Under the assumption that the relative size of coefficients from a regression of \(Y\) on \(X\) and observed variables are equal to those from a regression of \(X\) and the observed variables, Oster (2019) then shows that the true coefficient of interest (\(\beta\) from the full regression) converges to the following:
\[\beta^{*} \approx \hat{\beta}_{X,W_{1}} - \delta \times \left[\hat{\beta}_{X} - \hat{\beta}_{X,W_{1}}\right] \times \frac{R_{max}^{2} - R_{X,W_{1}}^{2}}{R_{X,W_{1}}^{2} - R_{X}^{2}} \xrightarrow{p} \beta.\]
If we relax the assumption of equal “relative contributions” between the observed covariates and \(Y\) versus the observed covariates and \(X\), then the results are a little more complicated. In that case, Oster (2019) shows that \[\beta^{*} = \hat{\beta}_{X,W_{1}} - \nu_{1} \xrightarrow{p} \beta,\] or \[\beta^{*} \in \left\{ \hat{\beta}_{X,W_{1}} - \nu_{1}, \hat{\beta}_{X,W_{1}} - \nu_{2}, \hat{\beta}_{X,W_{1}} - \nu_{3} \right\},\] where \(\nu_{1}\), \(\nu_{2}\), and \(\nu_{3}\) are roots of a cubic function, \(f(\nu)\), derived in the paper. In the case of more than one root, then one element of \(\beta^{*}\) converges in probability to \(\beta\). If \(\delta=1\), then some additional simplifications can be made, but the point is that we now have an expression for the bias as a function of \(\delta\) and \(R^{2}_{max}\).

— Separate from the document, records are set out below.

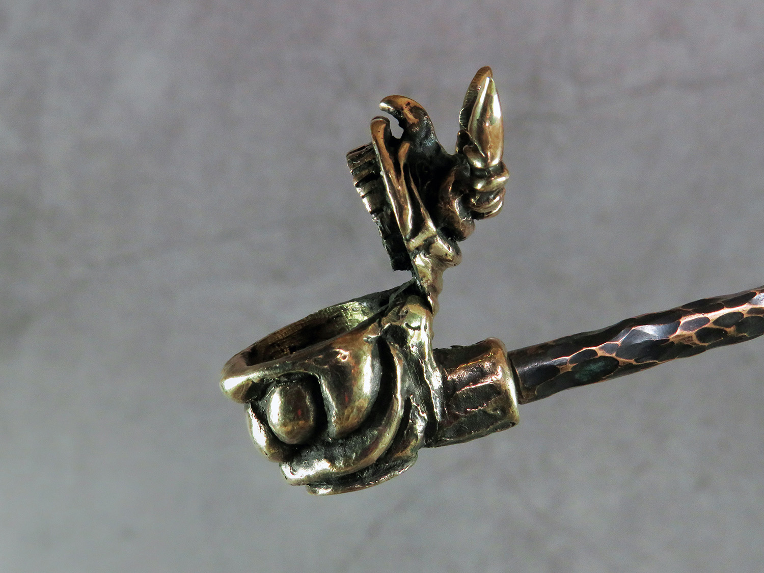 To make this item, a wax model was cut out by hand. Then, using the lost wax method, bronze parts were cast.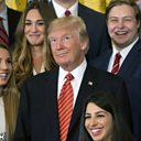 Picture: U.S. President Donald J. Trump poses for photographs with an outgoing group of interns at The White House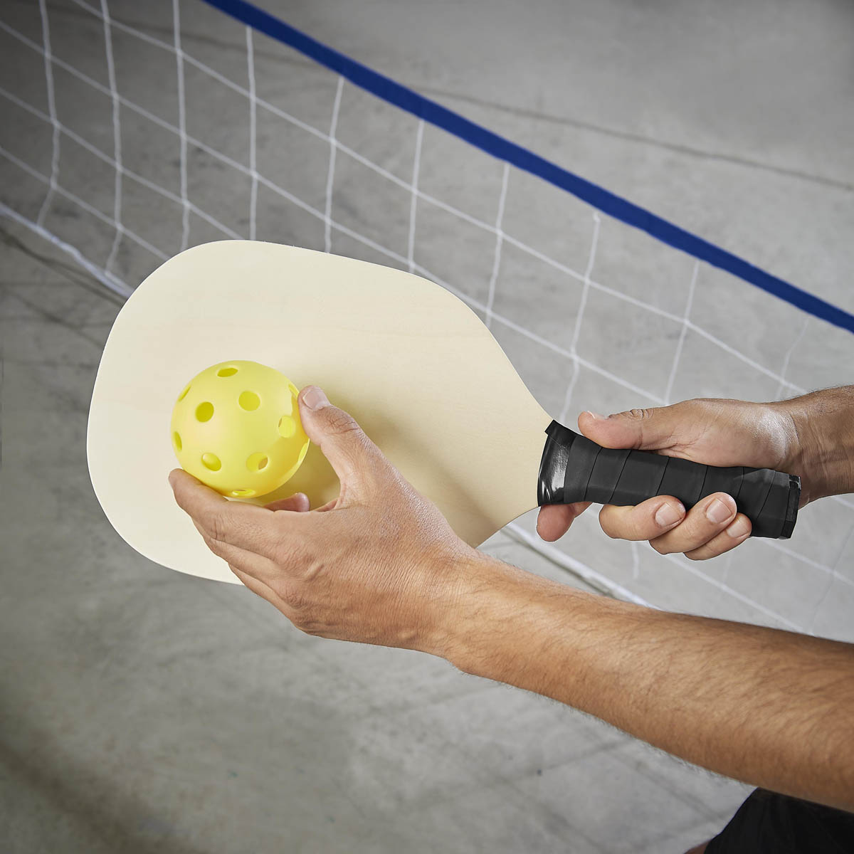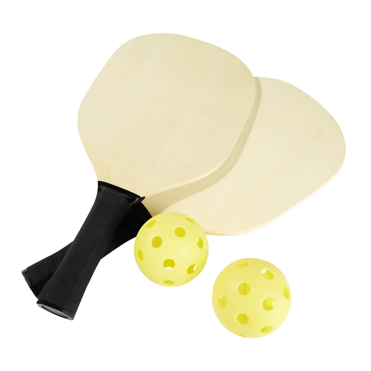 SET DE RAQUETAS ZANE - Set de raquetas para pickleball. Incluye dos raquetas de madera con mango ergonómico, dos pelotas de plástico y bolsa con malla para transportar. Este set es ideal tanto para los que buscan disfrutar del deporte en cualquier lugar.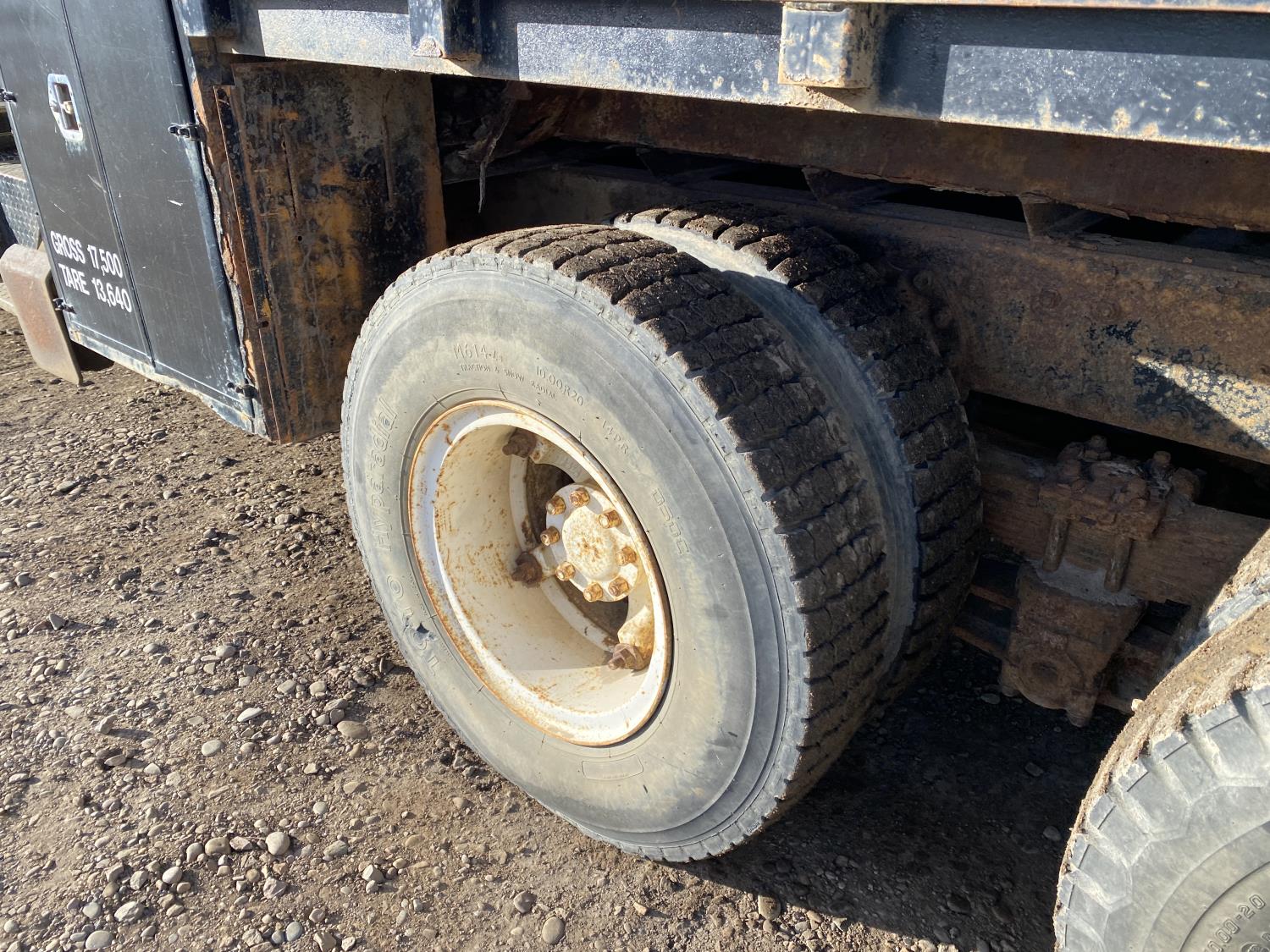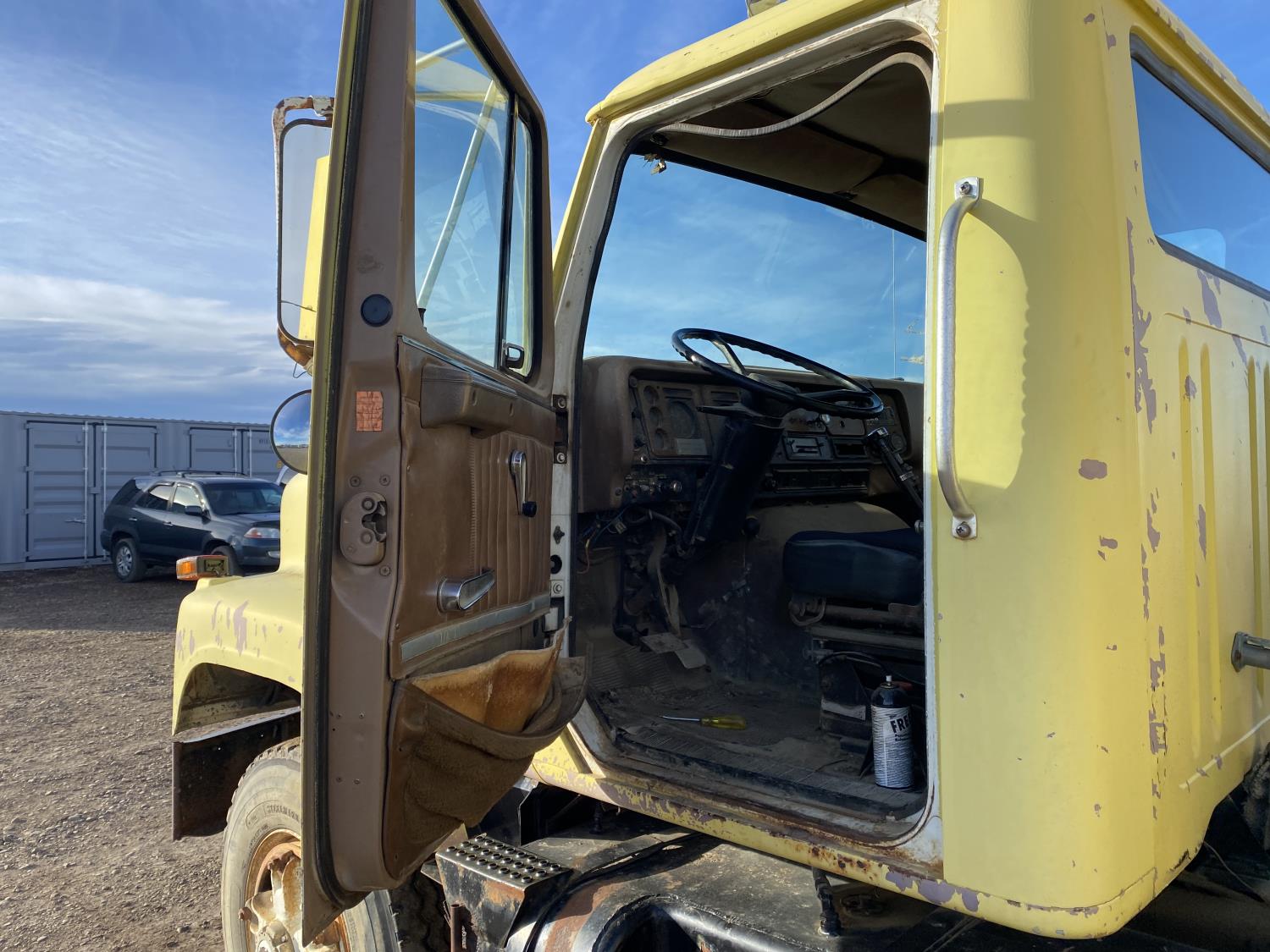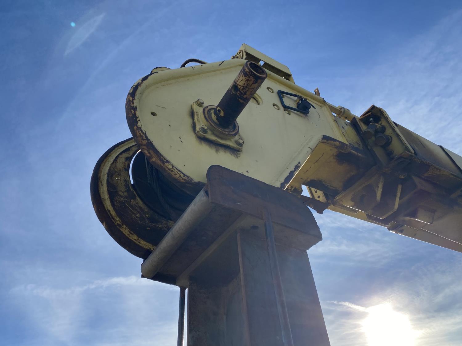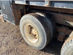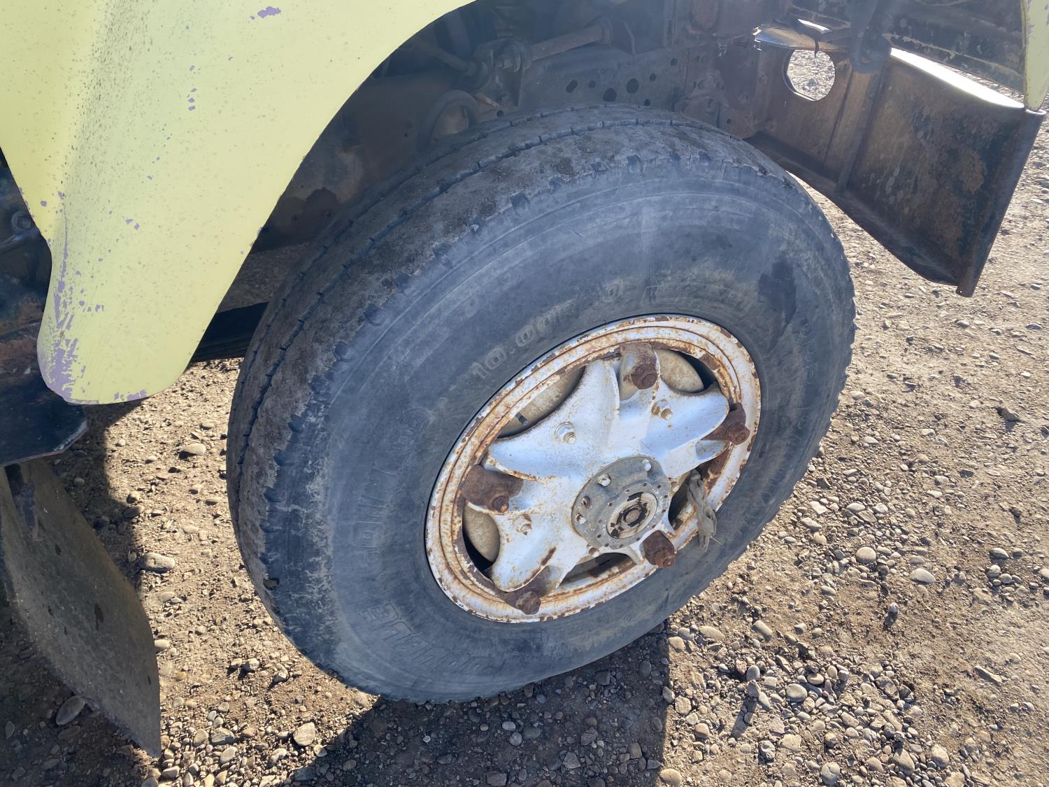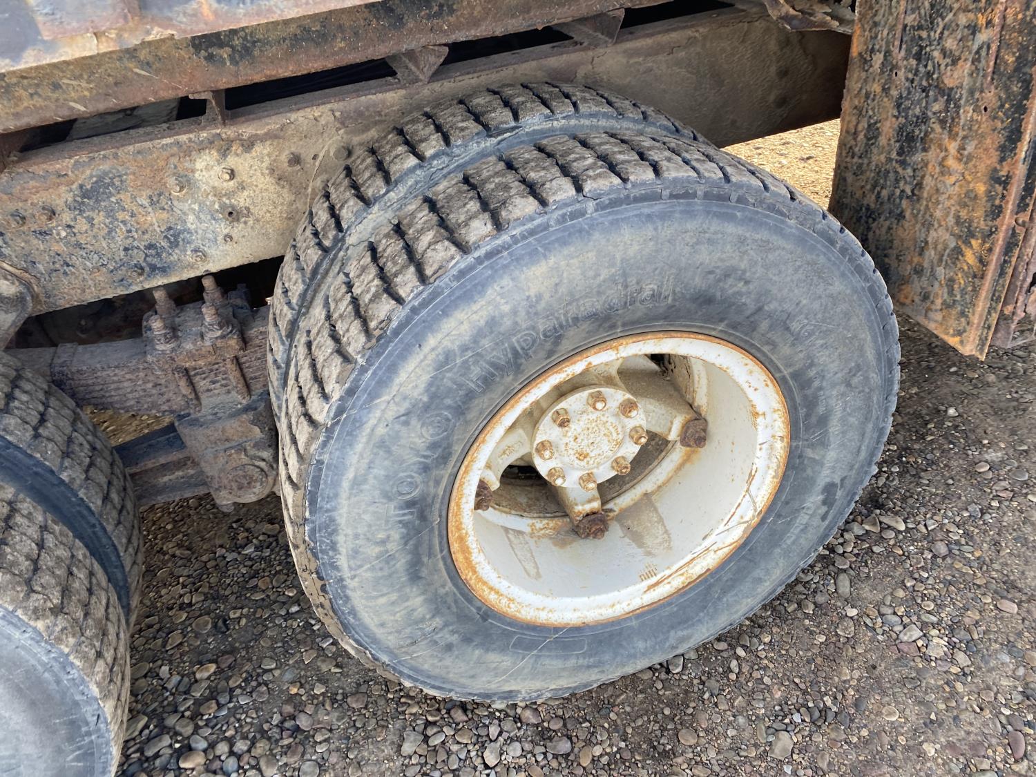 Detroit 6-71 6.9 L 6 cylinder engine, Eaton Fuller RTO-9513 13 speed manual transmission, 8 ft x 14 ft 3 inch deck, PTO pump, Pitman PC750 3 section 15 ft straight boom crane, outriggers, spring suspension, diff lock, 216 inch WB, 10-20 tires

So what do we gain from all of this? Well, Oster (2019) shows that we can also work backwards and find the value of \(\delta\) such that \(\beta=0\). In other words, say we estimate using OLS some effect, \(\hat{\beta}_{X, W_{1}}\). How big must the role of selection on unobservables be in order to completely overpower our estimate such that the true effect is actually 0?
Another approach is to consider a range of \(R^{2}_{max}\) and \(\delta\) to bound the estimated treatment effect. Using \(\delta=1\) as an upper bound for \(\delta\) (i.e., observables are at least as important as the unobservables), and \(\bar{R}^{2}_{max}\) as an upper bound for \(R^{2}_{max}\), then the bounds on \(\beta^{*}\) are \(\left[ \hat{\beta}_{X,W_{1}}, \beta^{*}(\bar{R}^{2}_{max}, 1) \right]\).
Finally, Oster (2019) suggests setting \(\delta=1\) and identifying the value of \(R^{2}_{max}\) for which \(\beta=0\). This would tell us how much of the variation in \(Y\) would need to be explained by unobservables in order for the true effect to be null (given our estimate, \(\hat{\beta}_{X,W_{1}}\).
There is also a Stata command, psacalc
, to do these calculations for us (if you’re a Stata user).
2.2 Cinelli and Hazlett 2020
Cinelli and Hazlett (2020) offers a more general approach that does not require functional form assumptions on treatment assignment or on the distribution of unobserved confounders. The intuition of their approach is similar, but I see it as more general than Oster (2019) and others. That said, one sensitivity measure proposed in Cinelli and Hazlett (2020) requires users to impose some form of a “baseline” covariate in order to gauge relative strength of omitted variables. Once such a variable is specified, we can consider how big confounding must be relative to this relationship estimated from your data. You have to say what this “other relationship” is. And I’m not entirely clearly how this measure works if this estimated relationship is itself subject to endogeneity concerns.
Nonetheless, they also have a program to implement their analysis in both Stata and R, sensemakr.